## Exercise instructions
Transcribe the data that follows without changing a word, and omit the pictures.

## Supplied material
= = = =
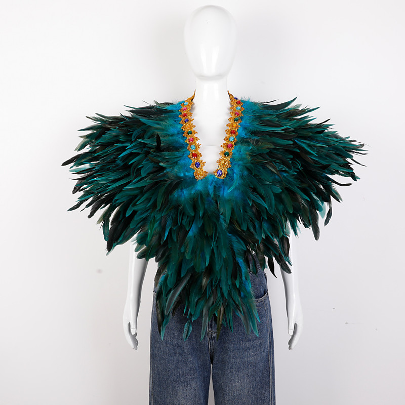Carnival 2026Rio Carnival Samba Accessories Women's Mardi Gras Feather Cape Shawl, Purple Green Gold Feather Poncho with Jeweled Collar Brazil Festival Performance Costume
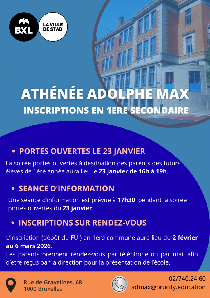 Pour toute question, merci de contacter le secrétariat au 02/740.24.60 ou de nous écrire à l’adresse admax@brucity.education
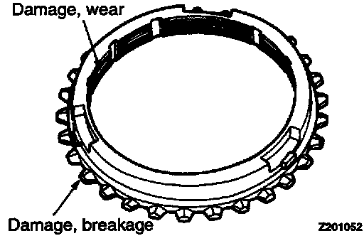 2. Check the synchronizer cone for rough surface, damage and wear.
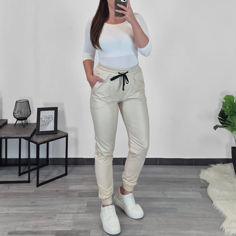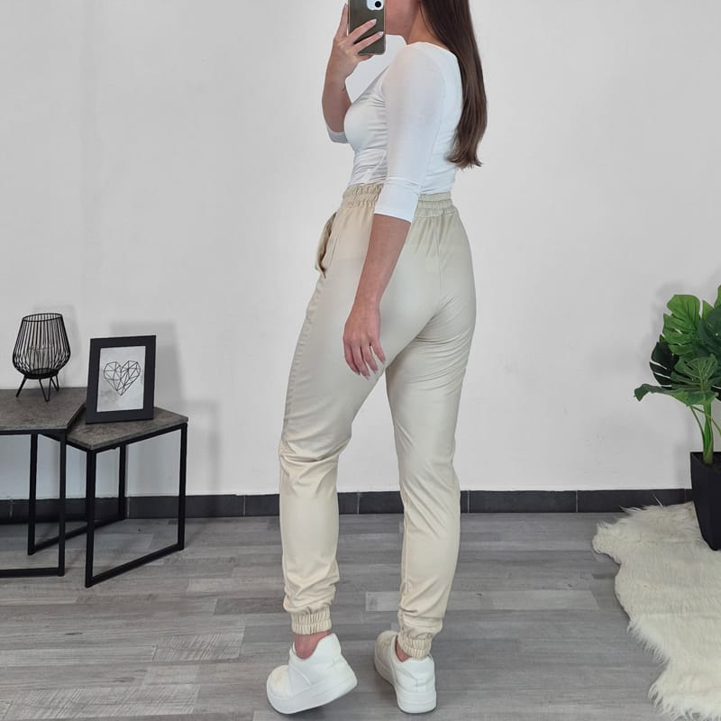 Ženske hlače od imitacije kože u bež boji. Hlače su izrađene od elastičnog materijala i vrlo su udobne, imaju elastiku i vezicu u struku, a sprijeda su dodana dva dodatna džepa. Nogavice su duge, završavaju patentom. Hlače su s unutarnje strane blago krznene i prikladne su i za hladnije dane.
= = = =
## Answer section
Carnival 2026Rio Carnival Samba Accessories Women's Mardi Gras Feather Cape Shawl, Purple Green Gold Feather Poncho with Jeweled Collar Brazil Festival Performance Costume
 Pour toute question, merci de contacter le secrétariat au 02/740.24.60 ou de nous écrire à l’adresse admax@brucity.education
 2. Check the synchronizer cone for rough surface, damage and wear.
 Ženske hlače od imitacije kože u bež boji. Hlače su izrađene od elastičnog materijala i vrlo su udobne, imaju elastiku i vezicu u struku, a sprijeda su dodana dva dodatna džepa. Nogavice su duge, završavaju patentom. Hlače su s unutarnje strane blago krznene i prikladne su i za hladnije dane.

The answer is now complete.